Mid & High-Density Developments Around The Bayview-Leaside BIA

Bayview Village, City Living, Housing & Politics


Welcome to my blog on housing, culture, and design! I’m Steve Fudge and I’m celebrating over 3 decades as a realtor and property consultant in Toronto, Ontario, Canada.

Our gorgeous ‘City of Neighbourhoods’ has been built on the strength and vitality of the many unique communities within its borders. It currently has 120 official neighbourhoods to its name. Unofficially? The total is probably closer to 240.

Each of these ‘pockets’, either symbolically or literally, represents a unique history, culture, or class of residents, and those distinctions are reflected in the amenities, food, architecture, and infrastructure found there. Some great examples are Korea Town, The Danforth, China Town, The Fashion District,  Little India, the Distillery District, or even arteries like Avenue Road!

City of Toronto urban planners and those in the development industry have long agreed that increasing the population along arterial roads is key to the city’s future growth. If you increase the size of new buildings for higher density, continue its mix of residential and commercial uses including encouraging smaller storefronts for local entrepreneurs, and allow as-of-right new construction consistent in scale, setback and height, communities blossom and will be better able to accommodate the waves of immigration that Canada experiences annually.



Let’s take a look at a stretch of Bayview Avenue – home to the Bayview-Leaside BIA – from Moore to just north of Eglinton Avenue East that serves as the high street for Davisville Village and Leaside. This encompasses two very desirable neighbourhoods that were developed in the 1920s (Davisville Village) through the 1930s and 40s (Leaside). Here’s what’s in store for the densification of this major avenue.


Under Construction

Here are 2 developments on Bayview Avenue – the first is located just north of Merton and the second is located just south of Eglinton Avenue East that are already under construction:


1410 Bayview – Under Construction

• An 8-storey mixed-use building (100 feet tall)
• 57 Units – Residential Condo/Commercial
• Designed by architects-Alliance for Gairloch Developments
• Situated on Bayview, just north of Merton Street


1718 BayviewUnder Construction

• A 9-storey mixed-use building
• 197 Units – Residential Condo/Commercial
• Designed by BDP Quadrangle for Gairloch Developments
• Situated on Bayview, just south of Eglinton



Here are 5 proposed developments on Bayview Avenue.

Note one of the proposed developments is 8 floors – similar to the two under construction – while the other four range from 27 to 46 stories high. This is because the City of Toronto is required by provincial law to set minimum density standards around Major Transit Station Areas (MTSAs) which encompass the area within a 500- to 800-metre radius around a transit station. In this instance, the new Leaside Station on the Eglinton Crosstown LRT will soon be open at the intersection of Bayview Avenue and Eglinton Avenue East.

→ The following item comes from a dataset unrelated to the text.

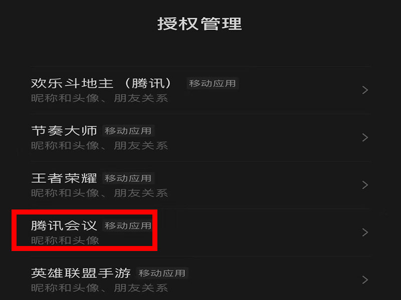 4、进入“授权管理”界面后,找到腾讯视频,并将腾讯会议取消授权。

1500 BayviewPre-Construction – between Davisville and Millwood

• An 8-storey mixed-use building
• 154 Units Residential Rental/Commercial
• Designed by BDP Quadrangle for Medallion Corp
• Situated on Bayview, just north of Davisville


1779-1787 BayviewPre-Construction – just south of Eglinton Avenue East

• A 35-storey mixed-use residential building
• 436 Units – Residential Condo/Rental
• Designed by Arcadis for Condor Properties Ltd.
• Situated on Bayview, just south of Eglinton


1802 BayviewPre-Construction – north of Eglinton Avenue East

• A 46-storey mixed-use building
• 419 Units – Residential Condo/Commercial
• Designed by architects—Alliance for Gairloch Developments
• Situated on Bayview, just north of Roehampton


1837 BayviewPre-Construction – north of Eglinton Avenue East

• A 27-storey mixed-use building
• 314 Units – Residential/Commercial
• Designed by Arcadis for Gupta Group
• Situated on Bayview, just south of Broadway


1840 BayviewPre-Construction – north of Eglinton Avenue East

• A 29-storey mixed-use building
• 318 Units – Residential/Commercial
• Designed by architects—Alliance for Skale Developments
• Situated at the corner of Bayview & Broadway


With so much development happening across the City, some are worried that ubiquitous towers will not only dampen the vibrant personalities of Toronto communities but also erase the ethnic and cultural histories of many neighbourhoods. On the one hand, yes, the once-contrasting pockets of Toronto are looking more and more alike.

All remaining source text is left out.